The spring of 1863 saw four of the original Confederate ports still open: Galveston, Texas; Mobile, Alabama; Charleston, South Carolina; and Wilmington, North Carolina. The most strategic of these ports was Wilmington, for it was the closest by rail to the Confederate capital of Richmond and the crucial fighting in Virginia. The chief depot for Robert E. Lee’s Army of Northern Virginia, the Wilmington docks carried the hopes of the Confederacy. From there, the neutral cargo-transfer destinations of the Bahamas and Bermuda were only three days away. These ports were the main sources of the South’s communication with the outside world.
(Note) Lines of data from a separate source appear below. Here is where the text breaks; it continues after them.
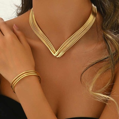Promotion Fine Geometric Jewelry Set Gold Jewelry for Women Gifts Vintage Choker Cuff Necklace Bracelet Set for Wedding Gifts
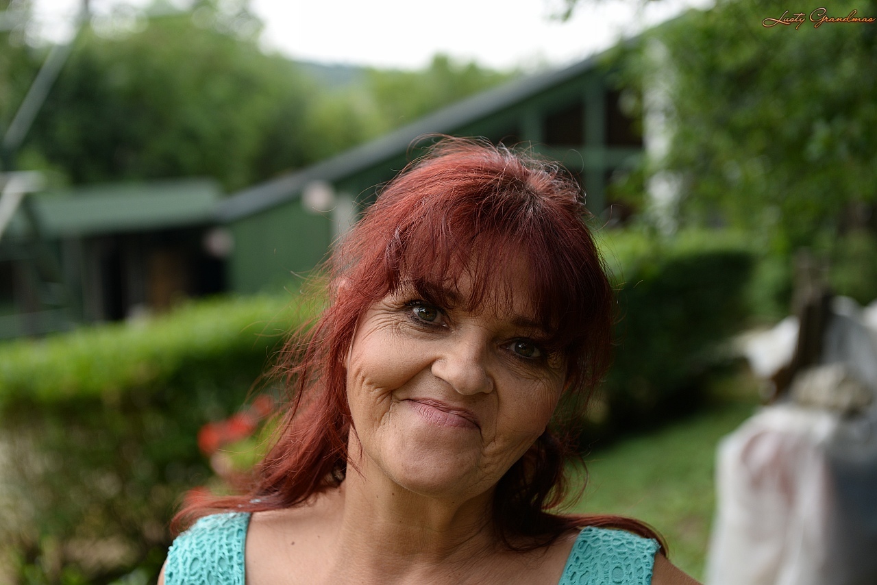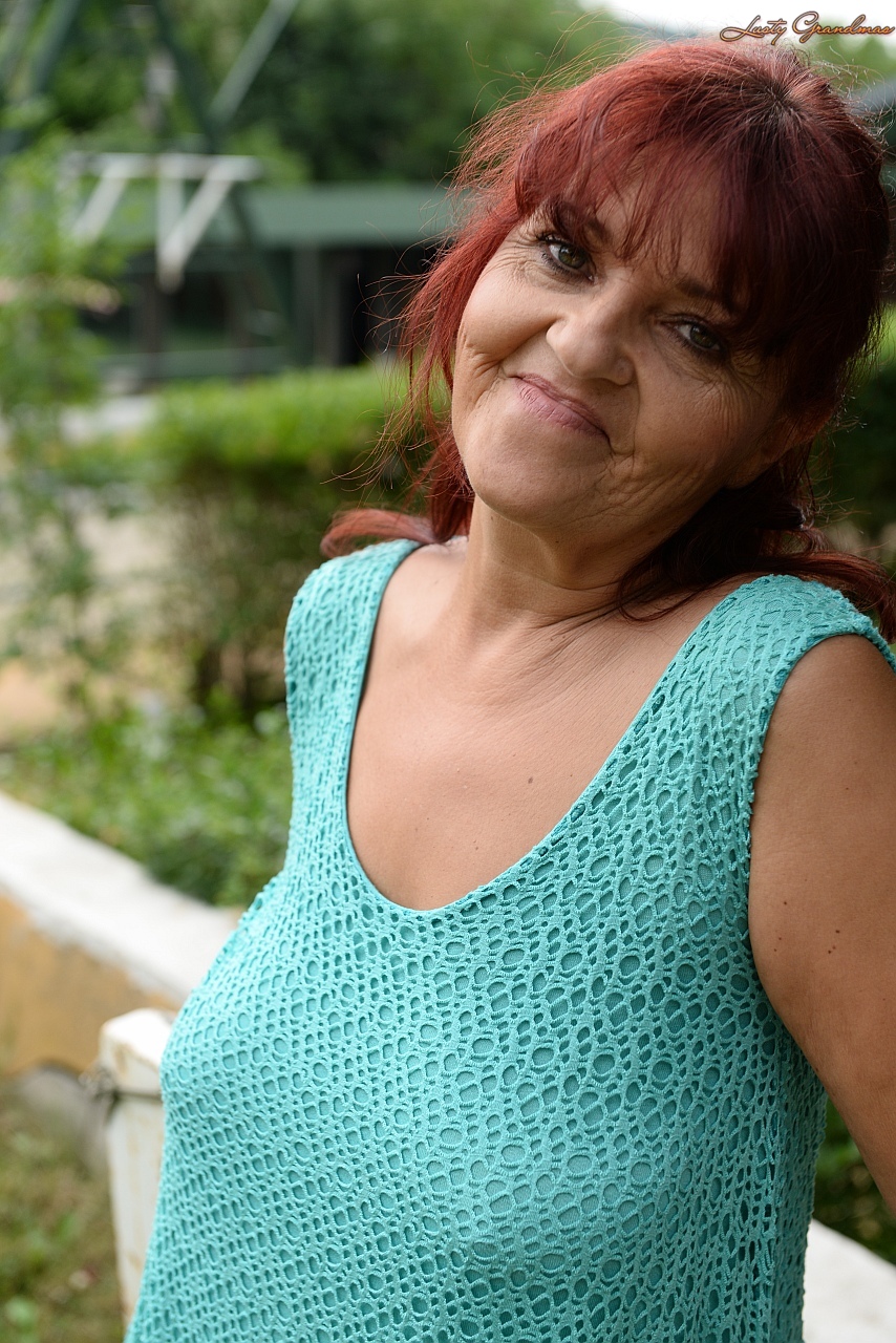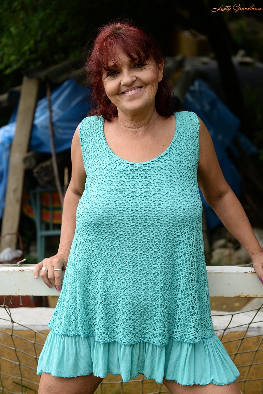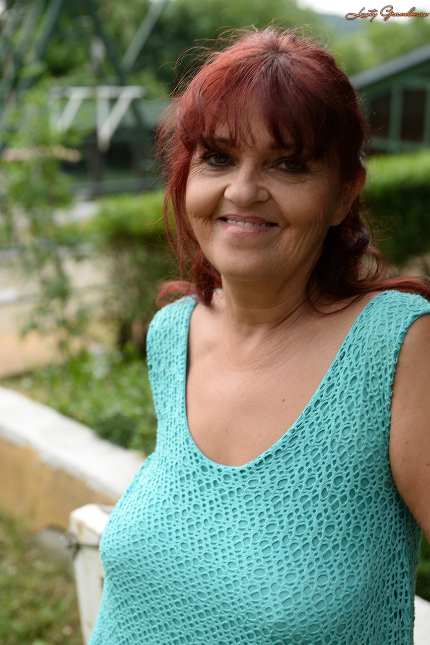 红发奶奶Livia掀起蓝色连衣裙露出丰满天然乳房 - 图库信息
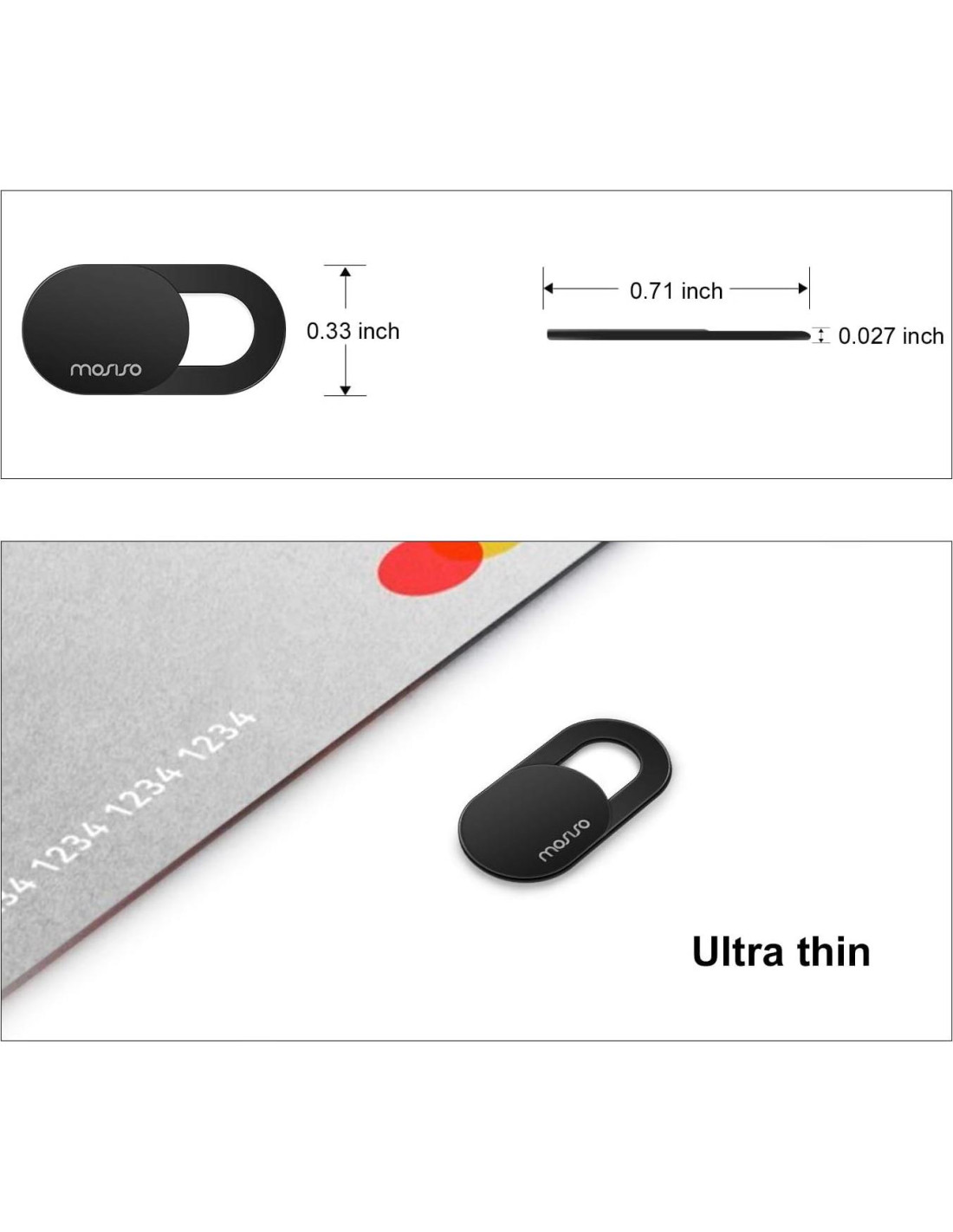- Dimensiones: 0.71 x 0.33 x 0.027 pulgadas (1.8 x 0.84 x 0.07 cm). La cubierta de webcam está especialmente diseñada para evitar que los hackers te espíen. Se desliza para abrirse cuando usas tu webcam, se bloquea en su lugar para asegurar que la cubierta no se deslice.

“Without firing a shot, without unsheathing a blade, we can bring the whole world to its knees before us. With equanimity, if needs be, the South could refrain for a year, or two years or more, from cultivating a basketful of cotton. But what would be the result? There can be no doubt. Old England would tumble from her proud industrial perch, the whole of civilization toppling with her, joining in her ruin. No sir, you dare not make war on cotton. No power on earth dare make war on it. Cotton is King.”